Author : John L. Pollock
Publisher : Princeton University Press
Page : 362 pages
File Size : 43,7 MB
Release : 2015-03-08
Category : Psychology
ISBN : 1400870739
One of the most firmly entrenched beliefs of contemporary philosophy is that the only way to analyze a concept is to state its truth conditions. In epistemology this has led to the search for reductive analyses, to phenomenalism, behaviorism, and their analogues in other areas of knowledge.
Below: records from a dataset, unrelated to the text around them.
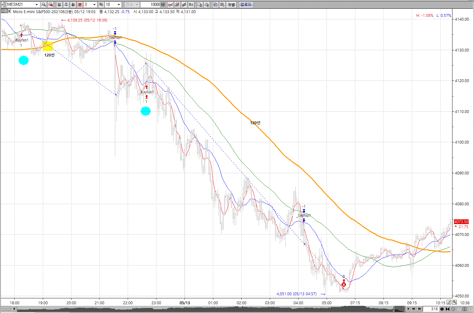 120선 아래 buy신호는 sell전환 손절15틱 익절 50틱
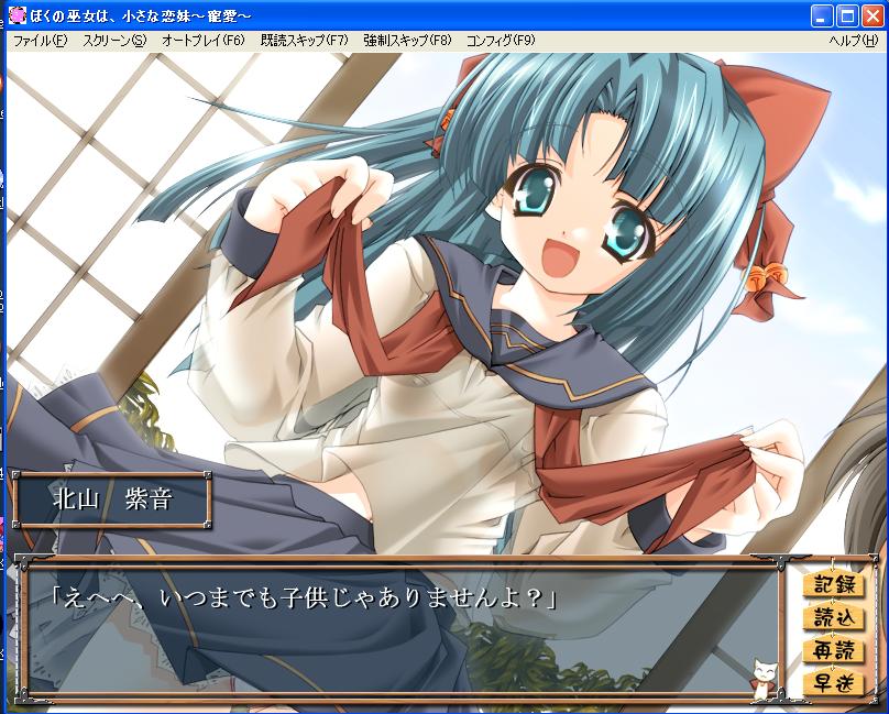 へなへな氏に教えてもらったメッセに挑戦してみました。 正直むずいです。 全く持ってわからないです。 「世界の中心で愛を叫ぶ」レベルに助けてほしいです。 誰かこの私にメッセの知識を(;´Д`) まぁよく分かりませんが勝手にリンクを張っている方々のメッセのところに適当にメッセージを送ってますよ(ぉ 送られた方は送ったやつはかなり痛い子だとお思いになってるでしょうがナチュラルスルーでもしてください。お暇であればどうぞ返信でもよろしくおねがいします。あとご指導よろしくしてほしいです。 まぁメッセの話はこれぐらいにして「僕の巫女は小さな恋妹~寵愛~」の一周目クリアヽ(´ー`)ノ 正直いって抜きゲーでしたよ(ぉ 前半パートをクリアしたら後半パートに入るのですがその後半が完全に抜きゲーとなってましたね。 修行に行く紫音→たまに会う→Hするの繰り返しでしたからね。まぁボリュームはかなりありましたね。 また立ち絵は見るのがつらいぐらいでしたが、イベントCGはなかなかと妙な作りになっていましたね。まぁレビューは完全にクリアしてからにしますがこんな感じです。 「魔法が世界を救います」はかなり挫折気味です。フローラルートについに4周目突入しましたからね(;´Д`) 他の人のルートに入ってもストーリー展開は同じでしたからもうこれ以上はめんどくさいです(´д⊂ 最後に先日張った紫音の中学生バージョンを。
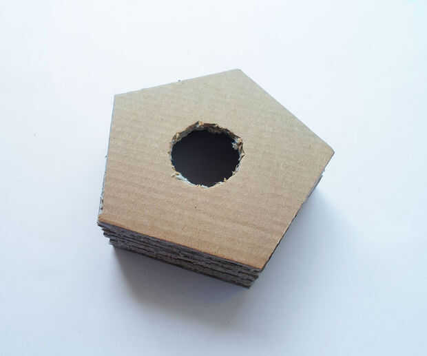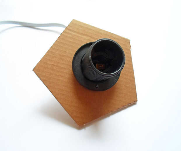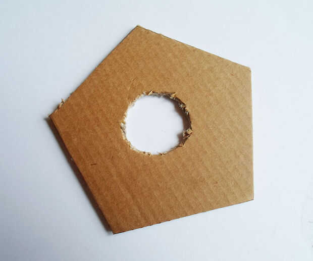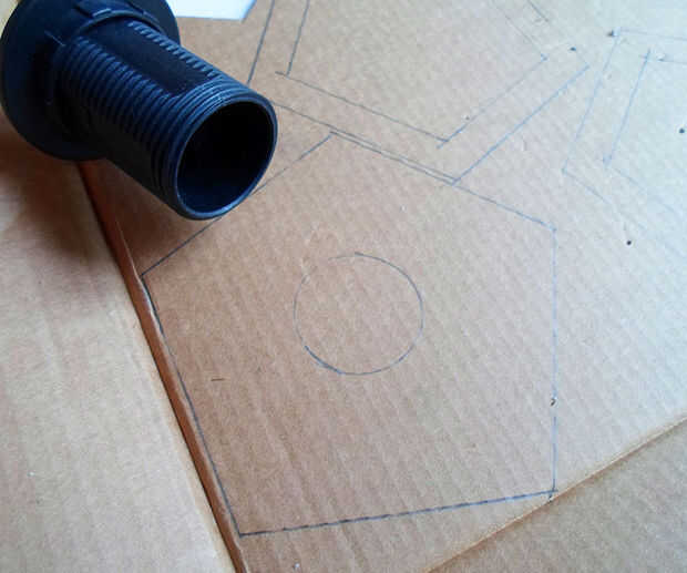 Por lo tanto, dibujar un Pentágono más sobre cartón, al igual que los anteriores y dibujar el contorno de su sostenedor de bulbo en el centro.

Arguing that these attempts at reductive analysis have invariably failed, John L. Pollock defends an alternative theory of conceptual analysis in this book. The author suggests that concepts should be analyzed in terms of their justification conditions rather than their truth conditions. After laying a theoretical foundation for this alternative scheme of analysis, Professor Pollock applies his theory in proposing solutions to a number of traditional epistemological problems. Among the areas of knowledge discussed are perception, knowledge of the past, induction, knowledge of other minds, and a priori knowledge. Originally published in 1975. The Princeton Legacy Library uses the latest print-on-demand technology to again make available previously out-of-print books from the distinguished backlist of Princeton University Press. These editions preserve the original texts of these important books while presenting them in durable paperback and hardcover editions. The goal of the Princeton Legacy Library is to vastly increase access to the rich scholarly heritage found in the thousands of books published by Princeton University Press since its founding in 1905.